What needs to be done: Leave out the pictures and output exactly the lines below from the one with "В комплект поставки" down to the one with "但终于清醒地知道班长是真的留", both of them included.

Data for analysis:
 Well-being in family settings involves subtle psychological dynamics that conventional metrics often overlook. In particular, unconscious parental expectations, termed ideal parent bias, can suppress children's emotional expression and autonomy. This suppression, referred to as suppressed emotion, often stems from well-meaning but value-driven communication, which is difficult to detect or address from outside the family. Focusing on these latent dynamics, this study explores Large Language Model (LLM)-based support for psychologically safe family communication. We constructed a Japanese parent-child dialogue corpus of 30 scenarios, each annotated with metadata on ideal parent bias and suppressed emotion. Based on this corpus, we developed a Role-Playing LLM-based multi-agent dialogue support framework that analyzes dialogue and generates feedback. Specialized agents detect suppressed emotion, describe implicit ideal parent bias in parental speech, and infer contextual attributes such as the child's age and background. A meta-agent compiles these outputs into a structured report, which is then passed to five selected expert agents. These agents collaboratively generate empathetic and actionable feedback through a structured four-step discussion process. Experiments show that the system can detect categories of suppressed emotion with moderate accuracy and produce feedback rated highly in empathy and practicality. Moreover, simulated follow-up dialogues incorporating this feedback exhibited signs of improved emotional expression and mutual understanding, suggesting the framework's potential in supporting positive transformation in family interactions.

* * *

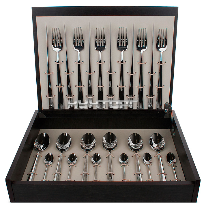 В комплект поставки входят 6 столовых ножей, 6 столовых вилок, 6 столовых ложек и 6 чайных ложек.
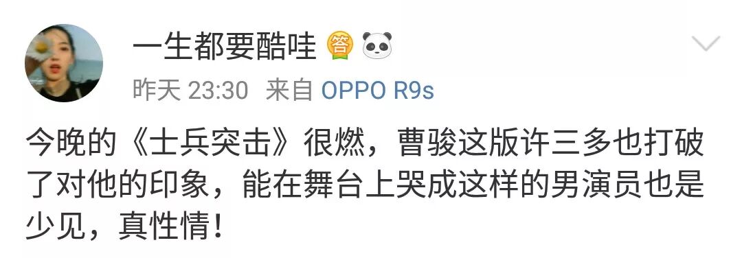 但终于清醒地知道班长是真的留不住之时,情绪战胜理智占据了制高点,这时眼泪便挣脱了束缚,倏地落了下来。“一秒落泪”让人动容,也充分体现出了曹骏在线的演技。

Reply to the task:
 В комплект поставки входят 6 столовых ножей, 6 столовых вилок, 6 столовых ложек и 6 чайных ложек.
 但终于清醒地知道班长是真的留不住之时,情绪战胜理智占据了制高点,这时眼泪便挣脱了束缚,倏地落了下来。“一秒落泪”让人动容,也充分体现出了曹骏在线的演技。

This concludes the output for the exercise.